Утром у них трещала голова, потому что в доме нашлись еще две бутылки пятизвездочного. Они вполголоса пели песни своей юности, и им было хорошо, как давно уже не было. Даже сын не выдержал и прокрался из своей комнаты в коридор, чтобы посмотреть, как они обнимаются и как мать подпирает плечом отца, который совсем не умел сидеть, сохраняя равновесие. Эта его неуклюжесть почему-то смешила их до слез. Отец падал и смеялся, мать поднимала его и тоже смеялась блаженным звонким смехом, хотя чтобы поднять такую тяжесть требовалась неженская сила.
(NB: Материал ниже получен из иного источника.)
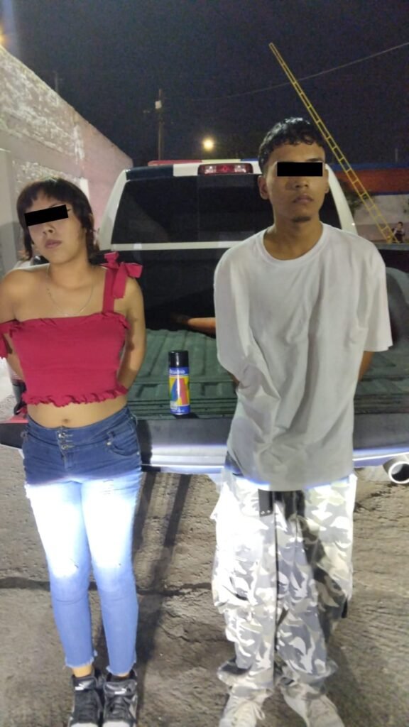 Gómez Palacio, Durango.- Elementos de la Dirección de Seguridad Pública y Protección Ciudadana de Gómez Palacio, mediante recorrido de prevención y vigilancia, lograron capturar a un par de adolescentes que se encontraban dañando la imagen del municipio al realizar un grafiti, por lo que fueron detenidos y puestos a disposición del juez cívico.

Пришлось выйти и помочь ей.

Они впервые поужинали вместе и все трое были счастливы. Мать жгла бенгальские огни и кружилась с ними вокруг стола. Это была ее гениальная идея – встретить Новый год в конце мая. Она торжественно объявила, что с этой самой минуты началась точка отсчета их новой, прекрасной жизни. Рассвет она встретила лицом в тарелке с зеленым горошком. Сын уснул обессиленный жестокой рвотой, обнимая унитаз, а отец неудачно упал на край кушетки и разбил себе лицо. Голова его оказалась навесу, но его уже некому было поправлять и остаток ночи он провел в безуспешных попытках наподобие гусеницы отползти назад, чтобы поудобней пристроить голову.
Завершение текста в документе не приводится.